The Fairmile ‘D’s were also operating in greater numbers now from the east coast bases, where their increased range enabled them to hunt for enemy shipping round the Hook of Holland in places least expected by the Germans. It was Gemmel in fact, based at Great Yarmouth (HMS Midge) early in 1943 before being transferred to the Shetlands, who scored the first successes. On 9 March he led the flotilla against an enemy convoy off Terschelling and sank a 6,500-ton tanker together with two of her escorts; during the action, however, MTB.622 commanded by Lt F.W. Carr was destroyed by gunfire from German destroyers. The sight of MTB.622 sinking with all hands in a raging inferno was very much in the minds of Gemmel and his crews when the flotilla set off for the same area again three nights later. Another convoy was sighted almost at the same spot, three large merchant ships surrounded by smaller escorts. The MTBs fired their torpedoes at a longer range than was usual, nearly 3,000 yards, and hit two of the merchant ships. One broke in two and sank fast, the other caught fire first and then sank more slowly. The MTBs turned for home, the enemy being unaware of their presence from start to finish of the action.
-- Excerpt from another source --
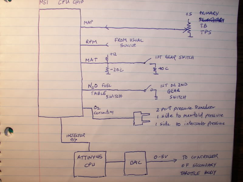 In addition, I have a 2 port pressure transducer, tied into the o2 correction input on the Megasquirt. If I set the O2 switch voltage, to the same voltage which is normally output from the 2 port pressure transducer at lets say 1psi difference, then the megasquirt will vary the throttle position (injector pulsewidth) until it gets this 1psi difference. This will allow me to easily tune the different points in the VE map, and allow the unit to correct while at part throttle, even if the targets are way off.
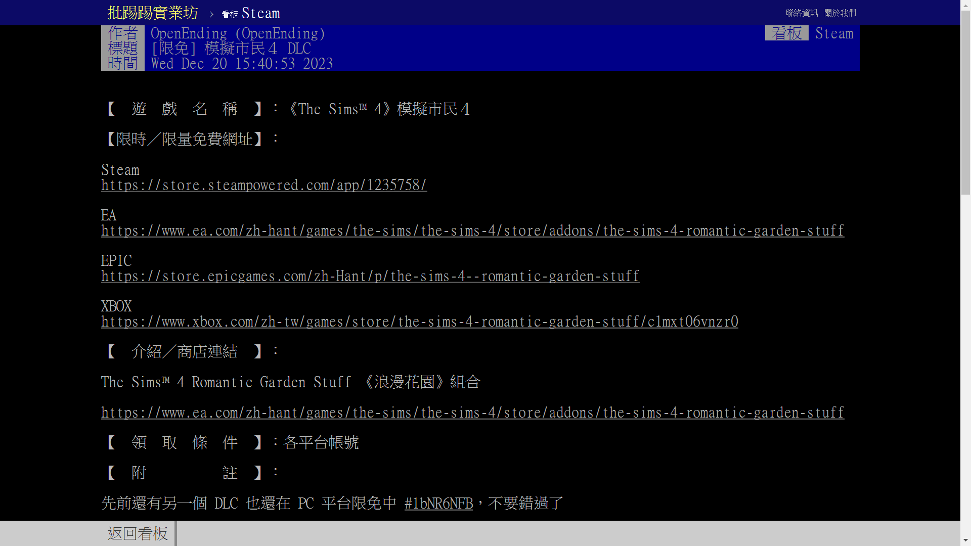 推 Krix: 沒人在意你玩不玩 steam都送糞game跟dlc 1.171.148.230 12/23 09:29

A feature of this period of operations was an increasing degree of co-operation with other services concerned in coastal warfare, particularly with Fighter Command and Coastal Command in which short-range aircraft worked with destroyers and MTBs in attacking enemy convoys. In Nore Command, fighter-bombers of the Strike Wing of Coastal Command’s No. 16 Group occasionally went on night patrols to locate such convoys, dropping flares to act as a guide for the MTBs. In Dover, too, new tactics were developed involving co-operation with Albacores of the Fleet Air Arm and heavy gun batteries on the Kent coast. On the same night as Gemmel’s second success off the Dutch coast, 12 March, three of the Dover MTBs were lying at short notice in the harbour. The Senior Officer of the flotilla, Lt B.C. Ward DSC, was just going to bed at about one in the morning, thinking it too late for anything to happen that night, when news came that a heavily escorted German merchant ship had left Boulogne on one of the enemy’s rare attempts to make a dash through the Strait. The three MTBs, 38 (Lt Mark Arnold-Foster DSC), 35 (Lt R. Saunders DSC, RANVR), and 24 (Lt V.F. Clarkson), put to sea at once, with Ward in MTB.38. The convoy was already being fired upon by the big guns at Dover, and as the three boats reached the interception point, they found that aircraft of the Fleet Air Arm were also going into the attack. In the light of the starshell bursting overhead and with the additional help of the enemy’s tracer firing up at the planes, it was not difficult to sight the merchant ship. At that moment, a force of MGBs led by Lt G.D.K. Richards DSC arrived and engaged the escorting German patrol boats. Both Saunders and Arnold-Foster fired their torpedoes, the latter’s hitting and sinking the merchant vessel.

Efforts such as these showed that there was still a place for the short boats, especially in waters nearer home. Even further afield, where the MTB/MGB D-boats were achieving a higher proportion of successes, the smaller Vospers could still make themselves felt if handled in the right way. This was certainly the case at Felixstowe where Dickens was now Senior Officer of the 21st and 11th MTB Flotillas (the latter commanded by Lt I.C. Trelawny DSC). One such operation took place in the early hours of 14 May when four MTBs led by Dickens torpedoed and sank two German minesweepers off the Hook of Holland.

Such was the pattern of MTB operations throughout 1943, with the exception that activities in the English Channel showed a marked decline in the summer and autumn as the Germans seldom dared to run a convoy through. Three flotillas of SGBs, ‘D’ Type MGBs, and 70-foot MTBs based at Newhaven did begin to operate in a new area off the Normandy coast, although the German radar-controlled gun batteries mounted high on the cliffs made this a particularly dangerous hunting-ground.